___ INPUT DATA

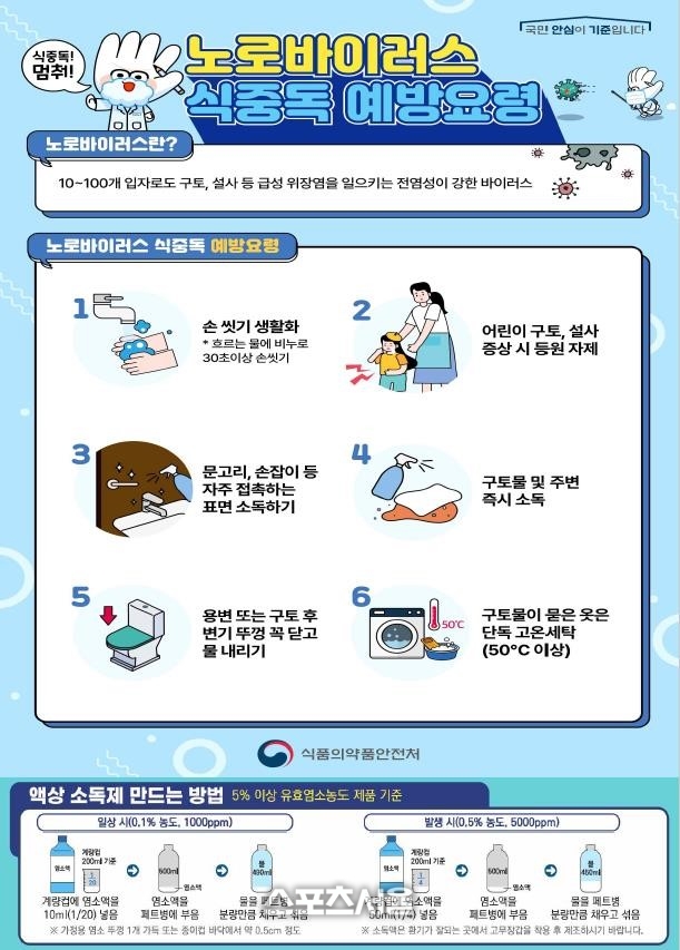 정연표 식품안전과장은 “노로바이러스는 전염성이 매우 강한 만큼 손 씻기와 음식물의 충분한 가열 등 기본 수칙만 실천해도 예방 효과가 높다”며 “특히 보육시설과 집단급식소는 조리 종사자 위생관리와 환경 소독에 적극 협조해달라”고 말했다.
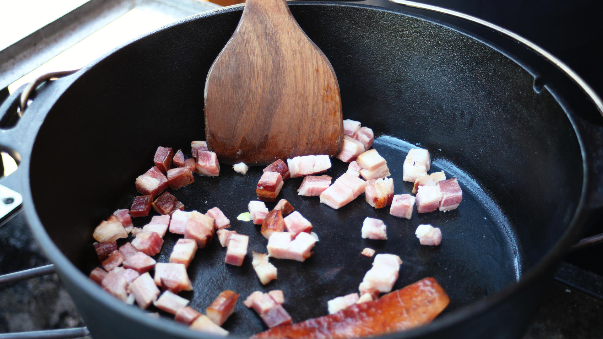 1. Speck im Topf auslassen, Hackfleisch zugeben, kräftig anbraten, Zwiebeln dazu
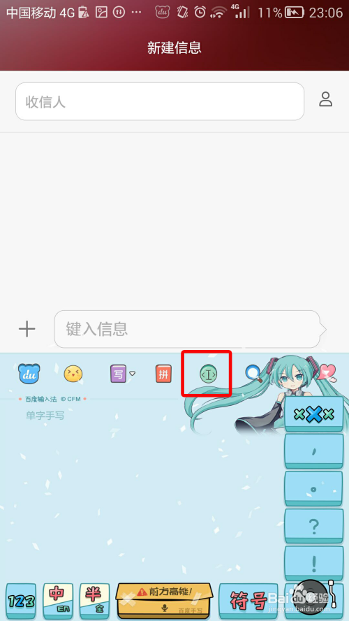 在新建短信里,把光标定在输入短信的内容这里,就会出现百度输入法点击【I】图标,如图所示;
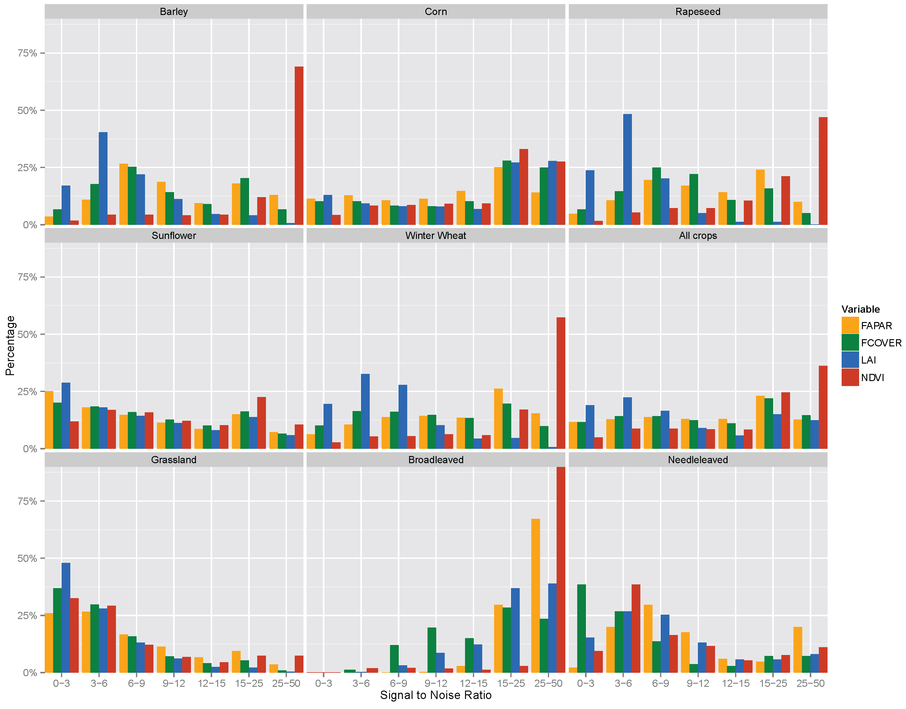 Distributions of the class-specific signal-to-noise ratio were extracted at the pixel level for all biophysical variables and the NDVI (Figure 4) and show contrasting distribution patterns: from uniform distributions (sunflower) to growing or decreasing exponential distributions (broadleaf forest and grassland) and a normal (barley) distribution. Winter crops tend to have high ratio values for NDVI, and yet, distributions of biophysical variables are associated with lower values, especially LAI. All biophysical variables, as well as the NDVI have similar distributions for summer crops and forest classes. Regardless of the class, the distribution of NDVI signal-to-noise ratio values is shifted towards higher values and, hence, shows more consistency than biophysical variables. This is particularly remarkable for the winter wheat and the barley classes. LAI is the noisiest BPV for crops with a signal-to-noise ratio of nine in comparison to 13 for FAPAR and FCOVER. The combined analysis of the temporal profiles and the signal-to-noise ratio reveals that the retrieval for corn is the most reliable.
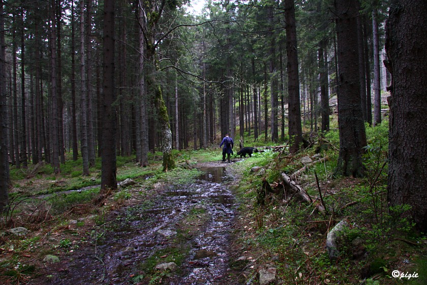 Nevidno, ale cestou dolu nám poriadne spŕchlo, až som bol úplne mokrý
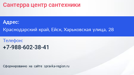 Сантерра, центр сантехники по адресу Краснодарский край, Ейск, Харьковская улица, 28 в дальнейшем Организация, размещена в следующих категориях:
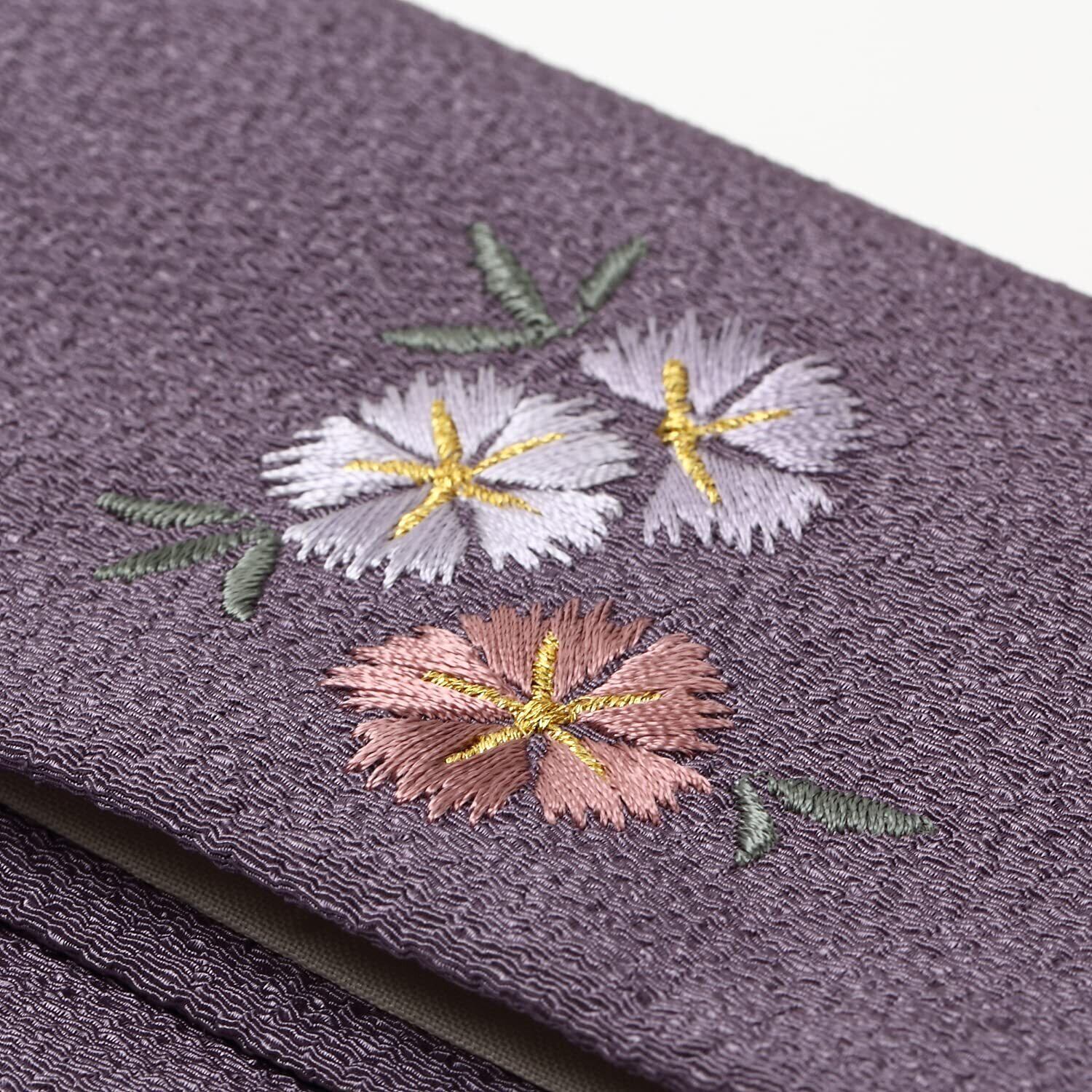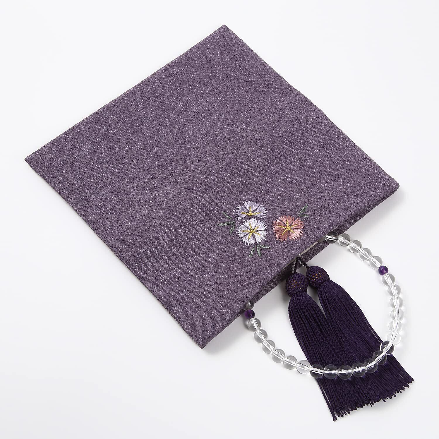 女性用 数珠袋 レディース 二つ折 ちりめん 刺繡入 京念珠 念珠入れ ポーチ ケース 外箱付 日本製/紫 パープル ( 撫子 )

______

YOUR ASSIGNMENT >> Quote exactly the lines from the one that contains "Nevidno, ale cestou" through the end of the listing above, both ends included, leaving out the pictures.

EXPECTED ANSWER >>
 Nevidno, ale cestou dolu nám poriadne spŕchlo, až som bol úplne mokrý
 Сантерра, центр сантехники по адресу Краснодарский край, Ейск, Харьковская улица, 28 в дальнейшем Организация, размещена в следующих категориях:
 女性用 数珠袋 レディース 二つ折 ちりめん 刺繡入 京念珠 念珠入れ ポーチ ケース 外箱付 日本製/紫 パープル ( 撫子 )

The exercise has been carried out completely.